Странное это было ощущение, словно тебя раздели, и ты потихонечку, шаг за шагом облачаешься на ходу. Нехорошее ощущение скрытой опасности, и пока ты не надел последнюю вещь, ты сам не свой, и потом ты тоже сам не свой, потому что зависишь от кого-то, а это очень плохое чувство. Явка на Прорезной, 12, Б, засвечена, потому что если начнут искать, то оцепят весь район и найдут, обязательно найдут. Впрочем, он не хотел думать, что мужик проболтается, хотя в нём что-то было неестественное, потом он понял, что именно: мужчина красился, а это настораживало, как всё ненатуральное, как обманка, как манок, как сама идея площади «Нетерпимости» – не первозданность, а вторичность.
Когда Цветаев добрался до Казацкого отеля на углу Михайловской, то уже светало. Майдан спал. Все эти палатки, доски, проволока, камни, все эти покрышки, бутылки с коктейлем Молотова, брёвна, палки, щиты и прочее, предназначенное в конечном итоге, чтобы убивать людей, всё требовало очищения.
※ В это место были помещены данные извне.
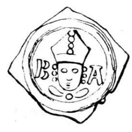 | Obverse description | Mitred bust of the bishop facing. Three pearls on the mitre. Letters B A in fields. |
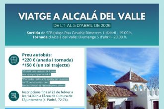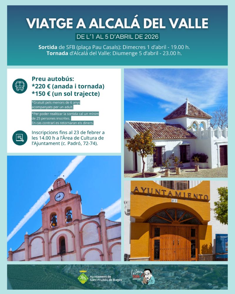 L’Ajuntament de Sant Fruitós de Bages obre les inscripcions per al viatge en autobús a Alcalá del Valle durant la Setmana Santa. La sortida serà…

Всё, что зародилось здесь, должно было сгореть в огне и остаться в памяти лишь как символ человеческой грязи, тупости и фашизма, нет других определений тому, что случилось.
Цветаев начал со стороны Главпочтамта, двигаясь к Прорезной. У него была та самая последняя бутылка с коктейлем Молотова из башенки. Было тихо и сонно. У перехода Цветаев облил гору покрышек остатками горючей жидкости и бросил спичку. Огонь занялся не сразу, побежал дорожкой вдоль палаток и тротуара. В отдалении лениво гавкнула собака. Цветаев свернул за угол и быстро пошёл вверх по улице. Его охватило знакомое волнение, но он и мысли не допускал, что братьям Микулины дали маху, хотя именно на этот случай у него был приготовлен план «б», тот самый, который не одобрил Пророк.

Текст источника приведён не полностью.